Quelque chose d’impalpable a changé

par · 14 octobre 2009

Entre dimanche le premier tour de la législative à Poissy, la sortie de Pierre Cardo devant le groupe UMP stigmatisant les gros couacs Mitterrand, Jean Sarkozy, sous les applaudissements de ses collègues et les questions d’actualité où les socialistes ont mis l’UMP dans la difficulté, quelque chose d’impalpable a changé. Et Jean Sarkozy en fait les frais.

Benoit Hamon n’avait pas tort de dire que l’affaire Mitterrand laisserait des traces. D’ailleurs Nicolas Sarkozy avait pris soin de ne piper mot. C’est le retour du refoulé. Et tout le monde, la presse en particulier se défoule.

A propos de presse, l’excellent Schneidermann indique sur son site que je m’en prends à Jean-Michel Normand.
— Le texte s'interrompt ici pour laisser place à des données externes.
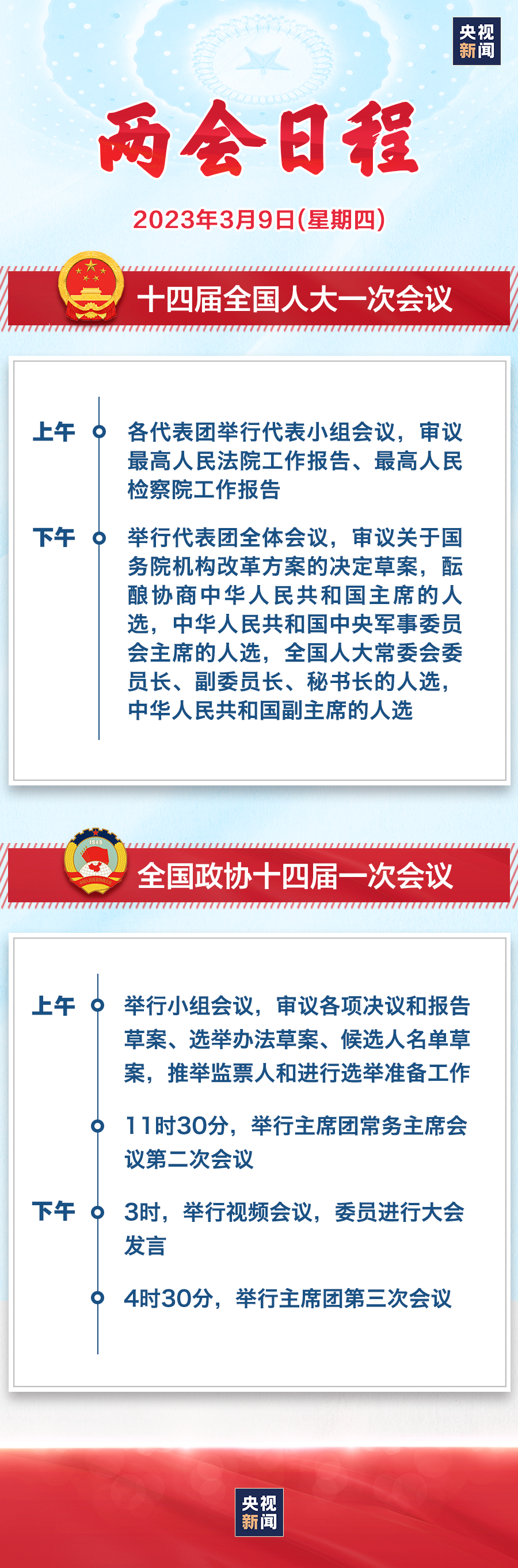 十四届全国人大一次会议第三次全体会议将于10日上午9时在人民大会堂举行。届时,中央广播电视总台将进行现场直播。
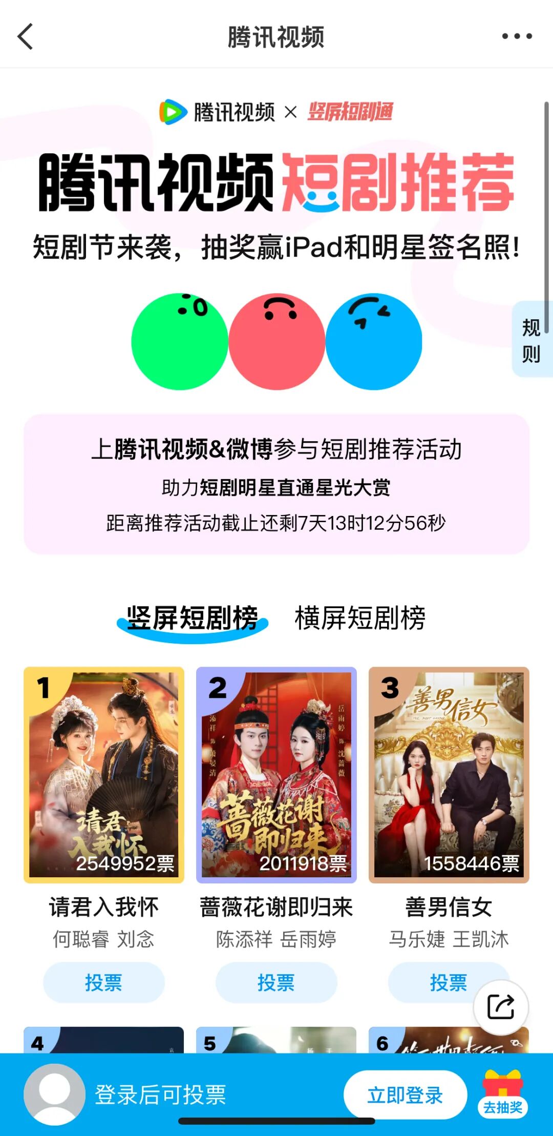 騰訊視頻則在春節(jié)檔規(guī)格上升級,聯(lián)合微博打造“騰訊視頻短劇節(jié)”,網(wǎng)羅三十余橫豎人氣演員直播營業(yè)、福利派送,打榜活動(dòng)更拿出了“TOP1主演直通星光大賞”的彩頭,目前豎短榜單TOP3都已投到幾百萬票。不得不說,姜還是老的辣。
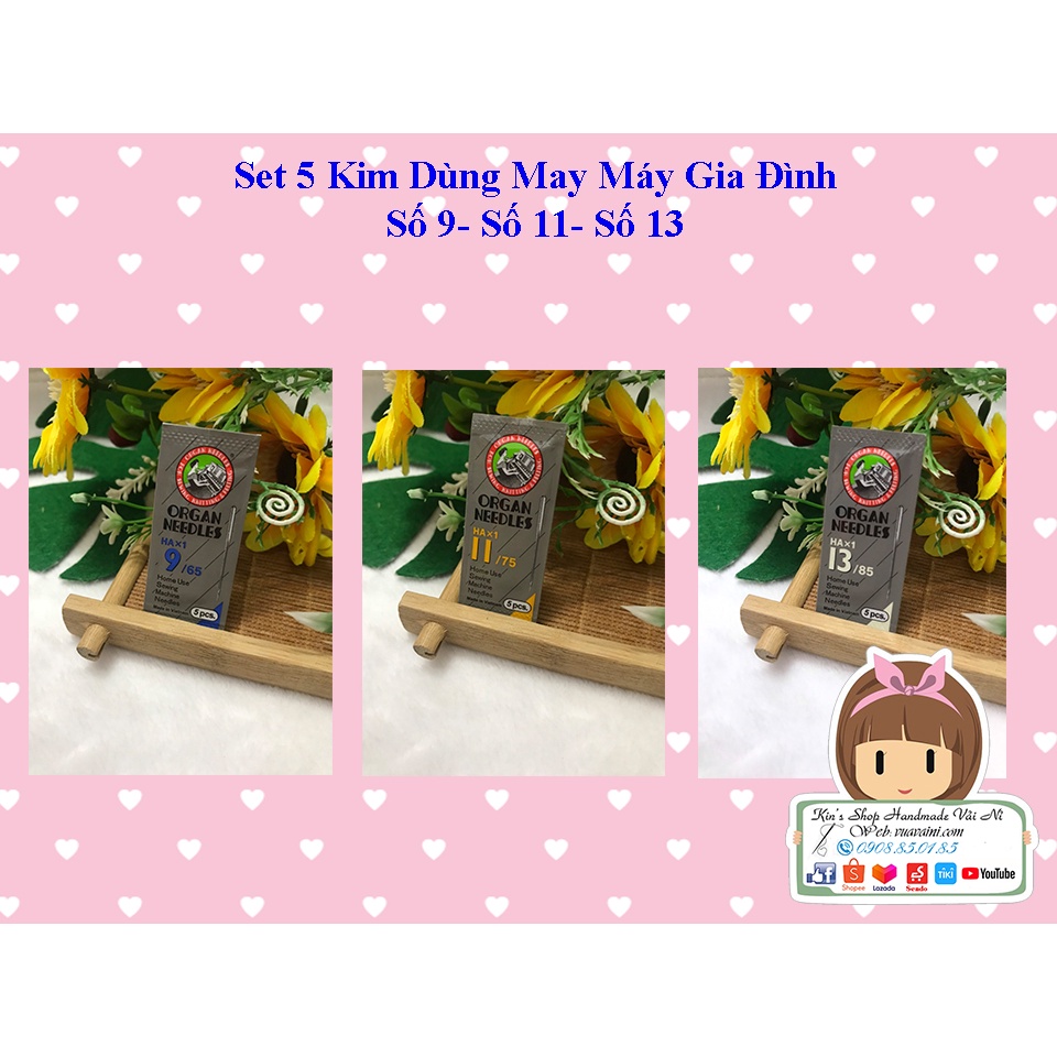 🍓Set 5 Kim Dùng Cho Máy May Gia Đình Số 9-11-13 Kim bền đẹp chất lượng dùng trong may mặc phụ liệu may🍓Kim máy may gia đình nhiều size trong phân loại, hàng Organ sản xuất tại Việt Nam, hàng chất lượng, kim bền chắc
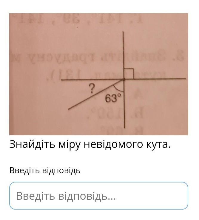 Відомий кут має міру 63*

Je m’en prends pas, je conteste. Le préjugé d’un journaliste très drôle dans le privé mais qui systématise sur le papier son pessimisme militant à propos de la fin Parti Socialiste.

Les commentaires4 Commentaires

  1. topaz dit :

    Beaucoup de choses doivent changer dans notre société qui est emplie de paradoxes. La plupart des enfants naissent hors-mariage, on tend à la légalisation du mariage et de l’adoption par les couples homosexuels, et on refuse à une femme devenue veuve de devenir mère … L’insémination post-mortem n’est pas courante, mais devrait être, néanmoins, possible sans avoir recours à une procédure.

  2. topaz dit :

    Un nouveau suicide, le 25e chez France Télécom … C’est bien plus grave que toutes les polémiques du moment. Que fait le gouvernement, que fait l’opposition ? Allons-nous attendre encore d’autres drames sans rien faire ?

  3. topaz dit :

    Frédéric Mitterrand, Jean Sarkozy, Benoît Hamon qui s’est exprimé trop vite et mal rattrapé, ce sont des dysfontionnements secondaires qui vont se déliter aussi vite qu’ils sont apparus. Plus grave, lorsque l’on entend très brièvement que M. Aubry a songé à quitter la direction du parti -je la comprends … – et qu’elle en aurait été dissuadée par ses proches ? Camba, pourquoi ne vous exprimez-vous pas dans un Grand Jury, dans une tribune d’hebdomadaire pour poser les vraies questions et exprimer une position claire sur les vrais sujets ? Vous en avez l’étoffe et les moyens, vous êtes au-dessus de la mêlée, les militants vous font confiance, vous nagez bien à l’international et vous gardez la tête hors de l’eau dans le marigot national. Face à tous les égos exacerbés, qui piaffent d’impatience, vous êtes trop modeste et trop en retrait. Vous auriez été parfait ailleurs, mais c’était impossible à gérer… Le jeu politique est décidément pervers …

  4. Beauquier dit :

    Jean Sarkozy: ne pas lâcher le morceau…
    Quoi que tente ou essaye l’Elysée en contre-feu, en citant les enfants d’autres présidents, il n’y a aucun exemple comparable à ce hold-up de gangster sur un département tout entier.
    Ni aucun exemple de courtisanerie apeurée et aussi véhémente de la part des élus d’un parti ou de ministres.
    C’est le triomphe de la corruption et de la bassesse dans la République.
    Il faut pilonner sans cesse et sans pitié!